‘The Bible is necessarily misunderstood if one’s reading of it is not grounded in an appreciation of the social system from which its documents arose’ (p 5). This is the basic orientation of Malina’s discussion of the New Testament documents, as he examines cultural anthropological dimensions and backgrounds.
Malina identifies the social institutions comprising the biblical story: kinship, politics, religion and economics (of which only kinship and politics were of explicit focal concern’ (p 5). Biblical authors never spoke of economics simply…the vocabulary of the various ideologies expressed in the bible worked within kinship and politics. ‘Religion is to be understood through belonging and power (not reasoned influence). Economics is meaningless unless convertible into honour, and thus has no focus in and of itself’ (p 17).

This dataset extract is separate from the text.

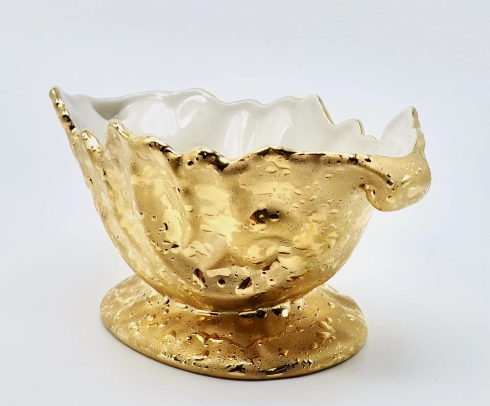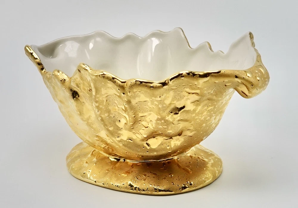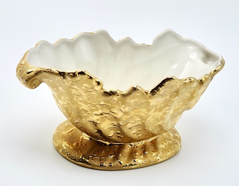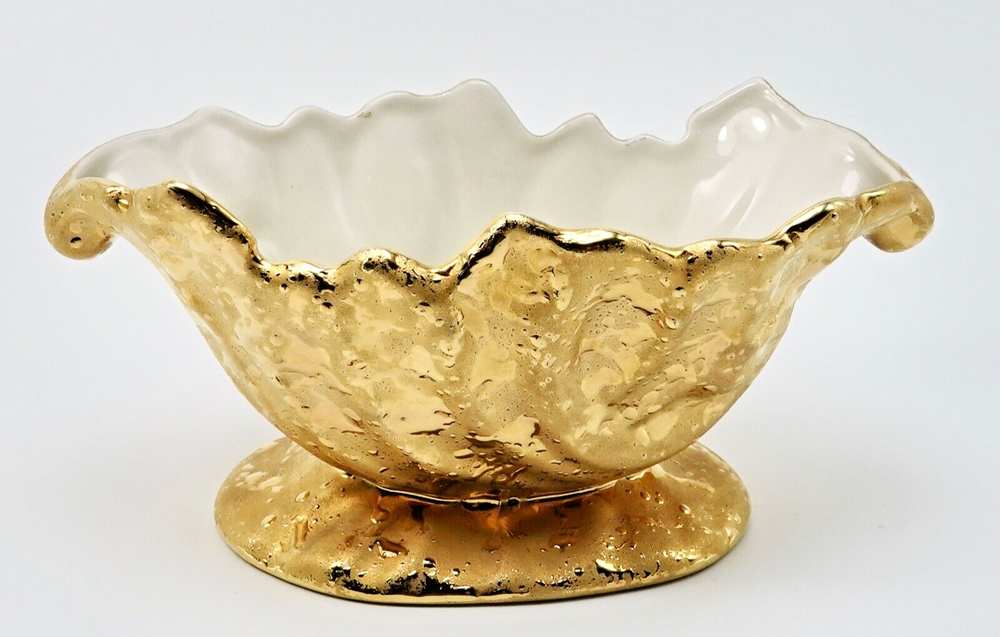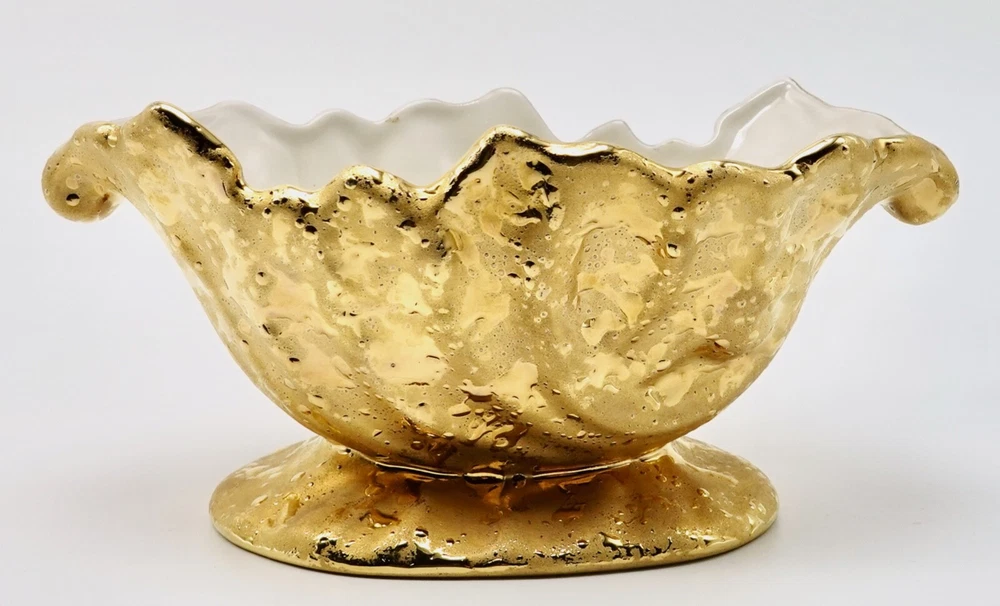 Preloved Weeping Gold 22K Dixon Art Studio Footed Planter Dixon Art Studios China was made at Bel Terr China in East Palestine, Ohio Vintage Porcelain Hand Made In United States Mid-Century Modern Circa 1960s Materials: 22K Gold, Porcelain measures 8" long, 3.5" - 3.75" tall and 4" wide

The two major Mediterranean social institutions were kinship and politics; patronage marked the relationships within these. Jesus’ proclamation of the kingdom of G-d challenges these institutions and their embodiment in Roman structures. For the Kingdom of G-d to make sense to Israelites living in Galilee and Judea, it would have to speak to what was wrong: ‘the Roman political economy and its appropriation by the local Israelite aristocracy. This is the role that the G-d of Israel would play on behalf of his people: not that of monarch but of ‘Father’ (p 84). ‘The kingdom of G-d was to take the form of personal and representative theocracy’ (p 161).
A good treatment of the interplay of social structures in Jesus’s proclamation.